_TASK TO COMPLETE_
Copy exactly every line below, from the first through the one that contains "全美人口最多的10大城市及主", and skip all pictures.

_PROVIDED MATERIAL_
================

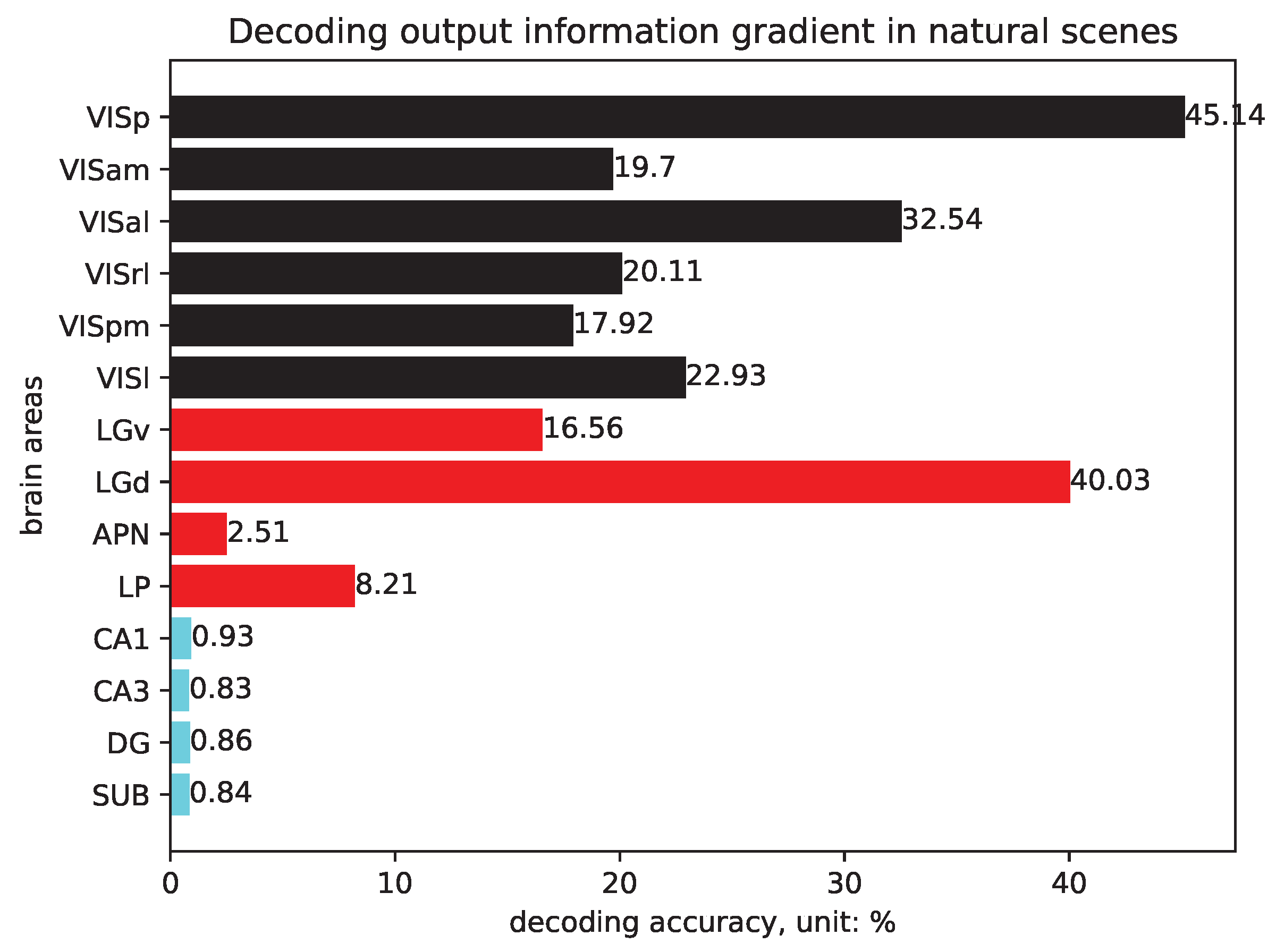 - Compute the normalized information scorewhere is the random baseline, and VISp consistently shows the highest .
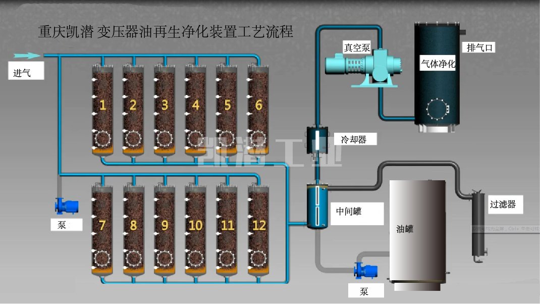 重慶凱潛工業(yè)變壓器絕緣油再生裝置結(jié)合國內(nèi)外_先進變壓器絕緣油再生處理工藝,既能除去劣質(zhì)的變壓器油酸值、氧化物、積碳、烴、氫、乙炔、開關(guān)油中的酸性成分、懸浮物質(zhì)、沉淀物質(zhì),能使劣質(zhì)的變壓器油、開關(guān)油再生利用。
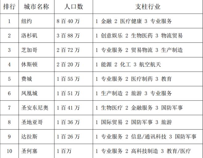 全美人口最多的10大城市及主要支柱行業(來源:Ballotpedia, city-data.com)
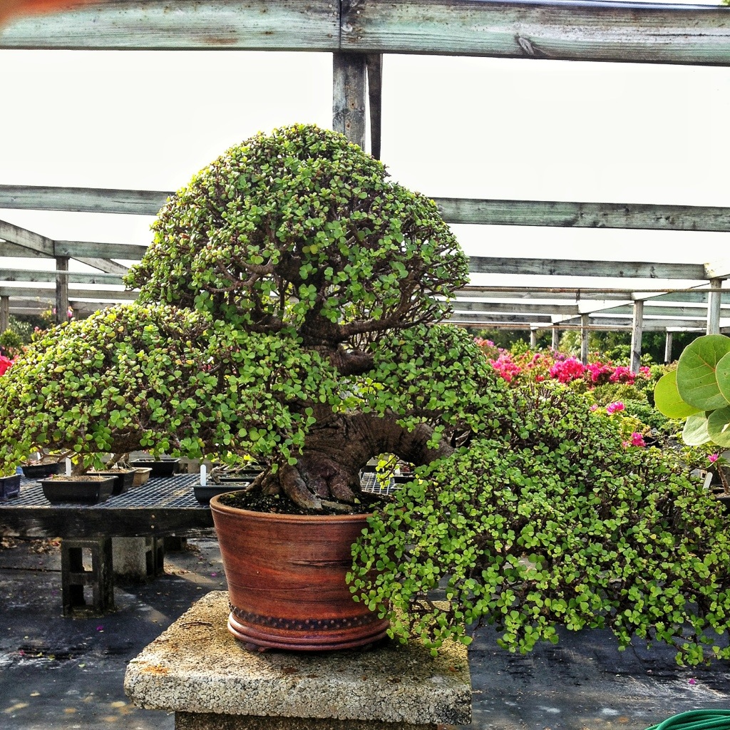 Robert Stevens’ and the Indonesian artists’ work with pemphis acidua and tamarind; the Taiwanese ficus; the English elms and hawthorn; the US work with conocarpus erectus and taxodium distichum- these are all non-traditional trees. I think they are all bonsai. You?

================

_REPLY TO THE EXERCISE_
 - Compute the normalized information scorewhere is the random baseline, and VISp consistently shows the highest .
 重慶凱潛工業(yè)變壓器絕緣油再生裝置結(jié)合國內(nèi)外_先進變壓器絕緣油再生處理工藝,既能除去劣質(zhì)的變壓器油酸值、氧化物、積碳、烴、氫、乙炔、開關(guān)油中的酸性成分、懸浮物質(zhì)、沉淀物質(zhì),能使劣質(zhì)的變壓器油、開關(guān)油再生利用。
 全美人口最多的10大城市及主要支柱行業(來源:Ballotpedia, city-data.com)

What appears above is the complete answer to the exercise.